** Opening RECORD SET block **

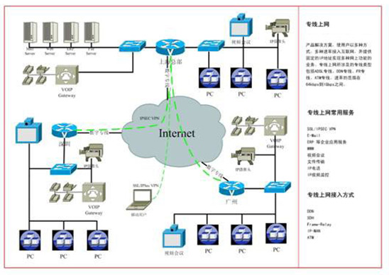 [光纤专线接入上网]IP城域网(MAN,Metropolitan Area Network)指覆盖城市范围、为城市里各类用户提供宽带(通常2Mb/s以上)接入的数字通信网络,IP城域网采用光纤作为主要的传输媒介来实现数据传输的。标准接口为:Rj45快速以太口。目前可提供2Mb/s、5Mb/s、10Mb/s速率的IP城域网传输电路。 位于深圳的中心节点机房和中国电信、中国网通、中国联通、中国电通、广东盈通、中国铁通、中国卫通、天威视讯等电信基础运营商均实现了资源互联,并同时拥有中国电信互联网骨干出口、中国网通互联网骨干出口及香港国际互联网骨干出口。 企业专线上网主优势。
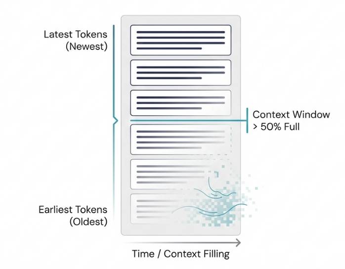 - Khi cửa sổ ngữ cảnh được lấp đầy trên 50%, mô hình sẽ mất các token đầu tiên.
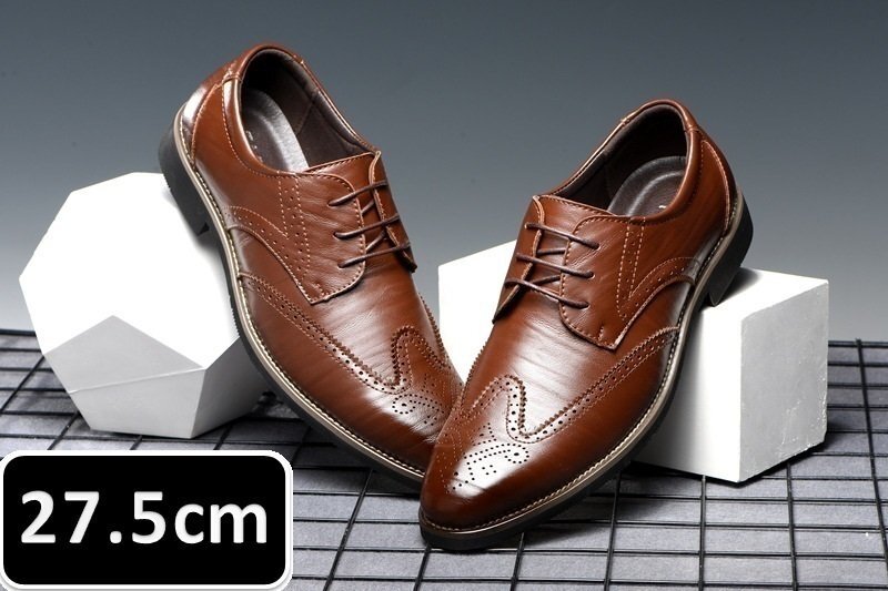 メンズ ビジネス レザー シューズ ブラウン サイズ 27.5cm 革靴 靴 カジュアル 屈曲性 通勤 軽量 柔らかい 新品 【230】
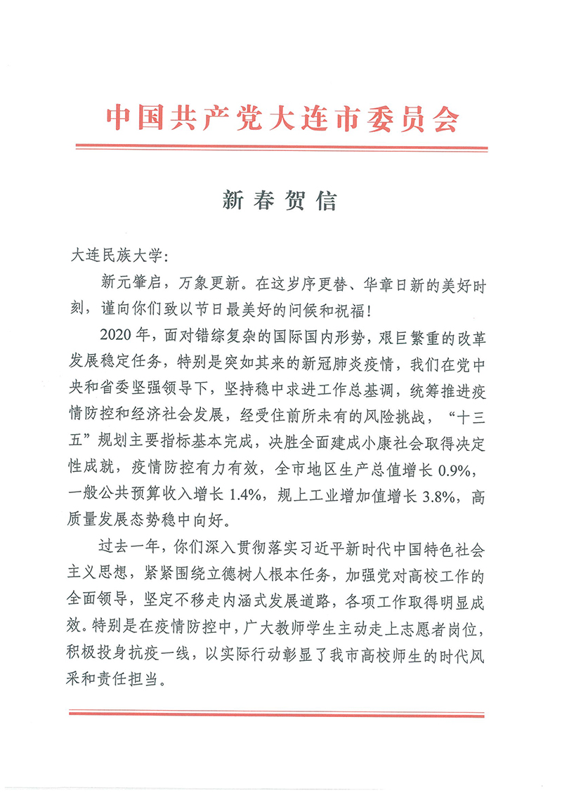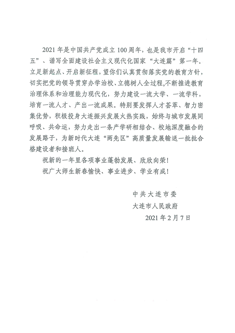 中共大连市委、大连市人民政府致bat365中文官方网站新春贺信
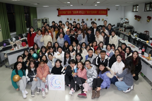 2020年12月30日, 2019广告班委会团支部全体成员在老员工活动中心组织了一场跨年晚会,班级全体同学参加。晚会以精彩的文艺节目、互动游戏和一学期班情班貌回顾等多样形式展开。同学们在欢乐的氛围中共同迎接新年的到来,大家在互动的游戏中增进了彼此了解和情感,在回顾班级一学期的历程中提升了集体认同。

** Closing RECORD SET block **
** Opening RECORD SET block **

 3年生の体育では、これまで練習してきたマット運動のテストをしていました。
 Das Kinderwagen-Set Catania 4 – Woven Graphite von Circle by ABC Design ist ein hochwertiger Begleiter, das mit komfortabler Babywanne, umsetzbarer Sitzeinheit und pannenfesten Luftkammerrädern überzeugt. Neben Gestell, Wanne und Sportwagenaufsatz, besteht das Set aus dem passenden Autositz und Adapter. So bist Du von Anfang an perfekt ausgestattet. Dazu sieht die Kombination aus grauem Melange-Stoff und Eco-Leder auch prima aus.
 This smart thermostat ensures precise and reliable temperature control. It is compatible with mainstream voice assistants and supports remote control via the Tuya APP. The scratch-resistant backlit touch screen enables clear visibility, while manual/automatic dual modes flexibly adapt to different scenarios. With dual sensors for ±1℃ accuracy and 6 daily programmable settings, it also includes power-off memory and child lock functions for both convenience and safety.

** Closing RECORD SET block **

TASK TO CARRY OUT: Beginning at the line that has "- Khi cửa sổ" and ending at the line that has "2020年12月30日, 2", restate the listing above word for word, pictures left out.

REPLY:
 - Khi cửa sổ ngữ cảnh được lấp đầy trên 50%, mô hình sẽ mất các token đầu tiên.
 メンズ ビジネス レザー シューズ ブラウン サイズ 27.5cm 革靴 靴 カジュアル 屈曲性 通勤 軽量 柔らかい 新品 【230】
 中共大连市委、大连市人民政府致bat365中文官方网站新春贺信
 2020年12月30日, 2019广告班委会团支部全体成员在老员工活动中心组织了一场跨年晚会,班级全体同学参加。晚会以精彩的文艺节目、互动游戏和一学期班情班貌回顾等多样形式展开。同学们在欢乐的氛围中共同迎接新年的到来,大家在互动的游戏中增进了彼此了解和情感,在回顾班级一学期的历程中提升了集体认同。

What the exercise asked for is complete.